Bild: Szene aus „Lucky Luke“, Band 99
Überraschung: Lucky Luke wird von einer ihm unbekannten, verstorbenen
Verehrerin zum Alleinerben ernannt. Und damit zum Besitzer einer riesigen
Baumwollplantage in Louisiana. Kaum hat er auf dem Rücken seines Pferdes
Jolly Jumper die Südstaaten erreicht, wird er auch schon mit der dortigen
repressiven Gewalt konfrontiert. Zwei weiße Männer wollen einen schwarzen
Jungen auspeitschen, der ihnen angeblich nicht den „Vortritt“ ließ.

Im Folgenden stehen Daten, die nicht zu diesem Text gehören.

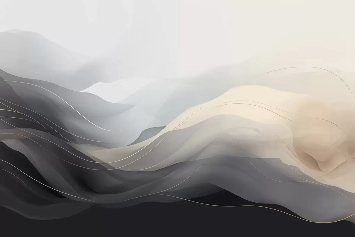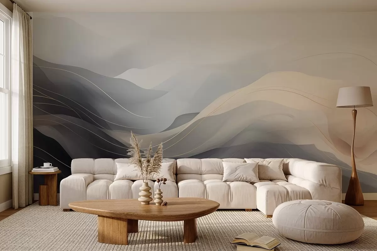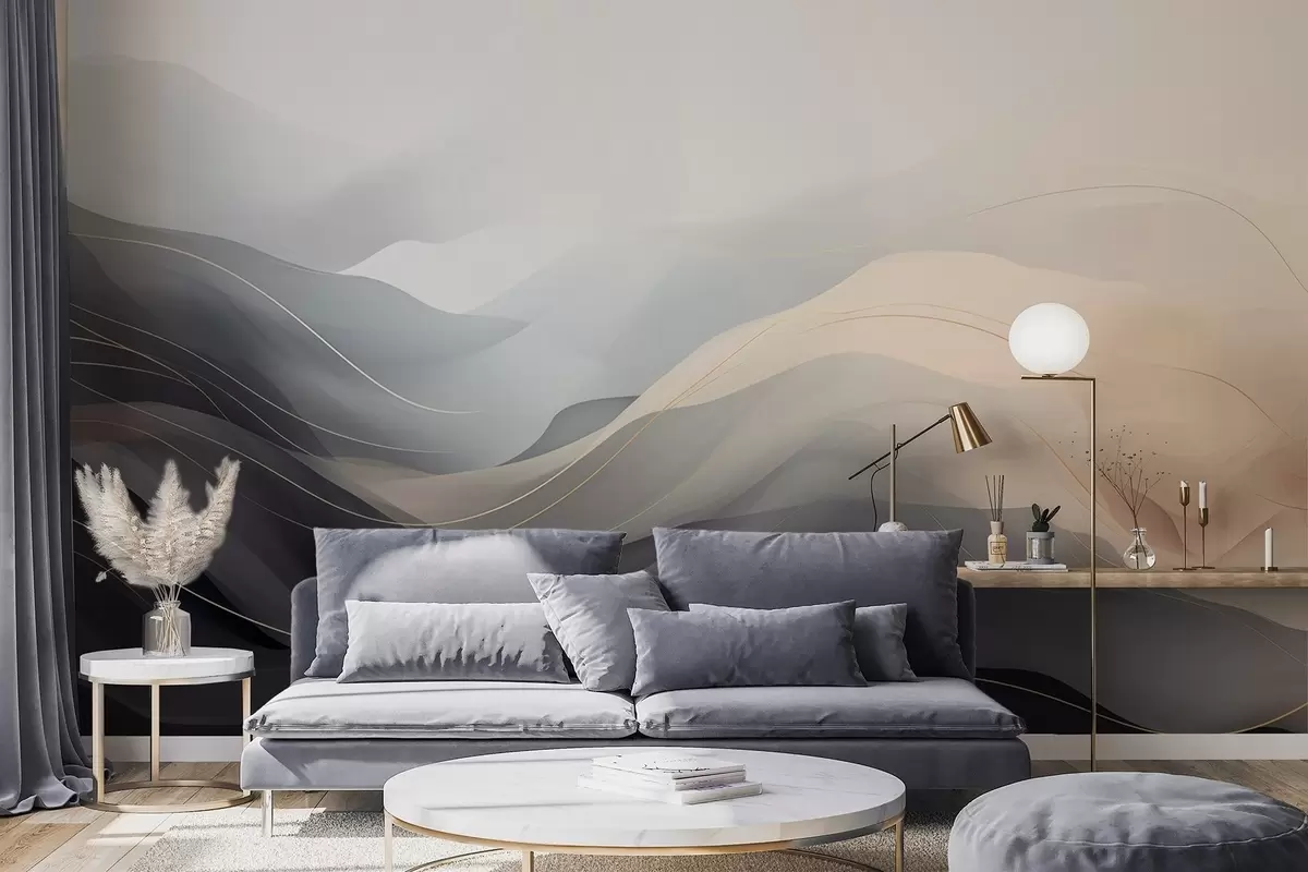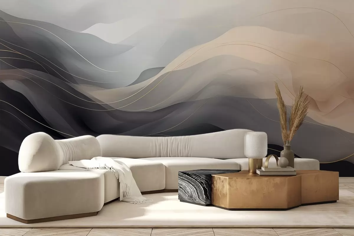 Abstract misty waves in gray-cream tones with yellow lines - Wall mural (No. w09504)
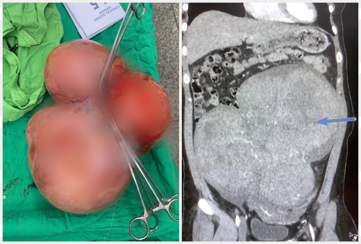 Kết quả siêu âm, chụp cắt lớp vi tính có tiêm thuốc cản quang ghi nhận u to vùng ổ bụng. Sau khoảng 1 giờ phẫu thuật, các bác sỹ cắt bỏ thành công khối u nặng 5,5kg, bảo tồn tử cung và 2 buồng trứng.
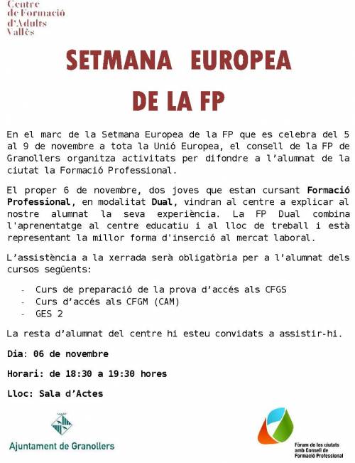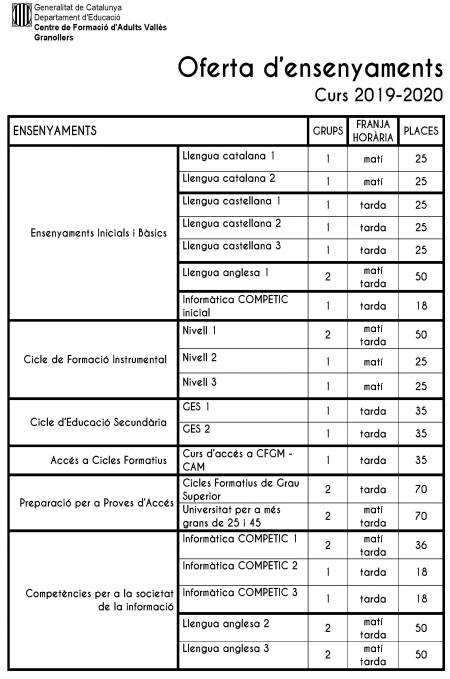 Per a més informació sobre l'oferta formativa del nostre centre, cliqueu AQUÍ.
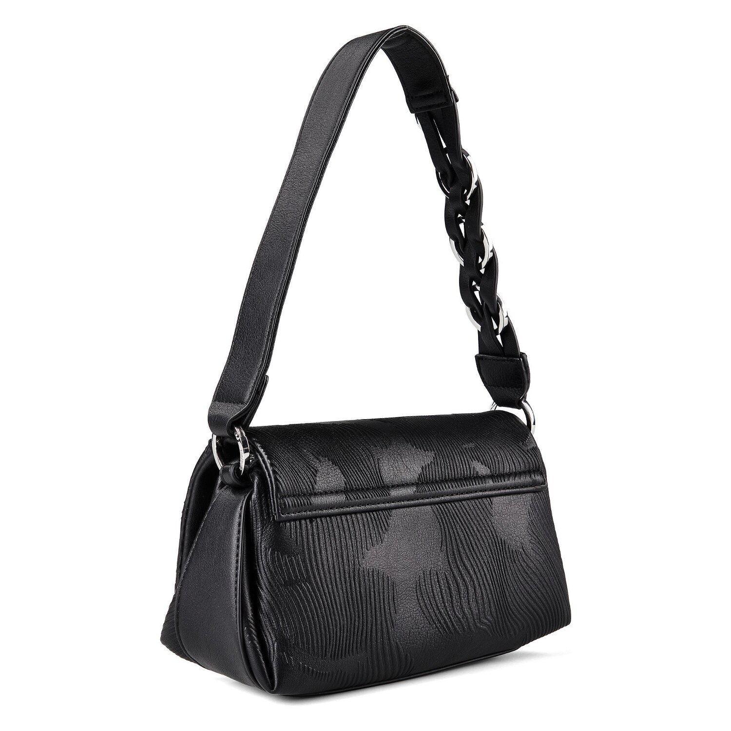 Feel the beauty of everyday life with the Desigual "Mirenis" shoulder bag, a masterpiece that is as unique as you are. This accessory features inside and outside pockets as well as credit card slots, smart storage space organized in an instant. The closure, a combination of magnet and zipper, gives you practical, easy access to your essentials. Made from robust polyurethane, the bag offers durability without compromise. The shoulder strap, easily detachable and adjustable in length, allows for easy carrying versatility. Make sure the main strap is the right length for optimum comfort. Do yourself a favor and decorate your day with Desigual's "Mirenis" - simply irresistible!

Der Western-Comic-Held Lucky Luke reitet nun schon seit über 70 Jahren
durch den Wilden Westen, seit sein Schöpfer Morris ihn 1946 [1][im
Spirou-Magazin] einführte. An das Thema Rassismus wagte sich der 2001
verstorbene Zeichner nicht heran, vielleicht, weil er es sich in einer
vorwiegend für Kinder konzipierten Westernparodie nicht vorstellen konnte.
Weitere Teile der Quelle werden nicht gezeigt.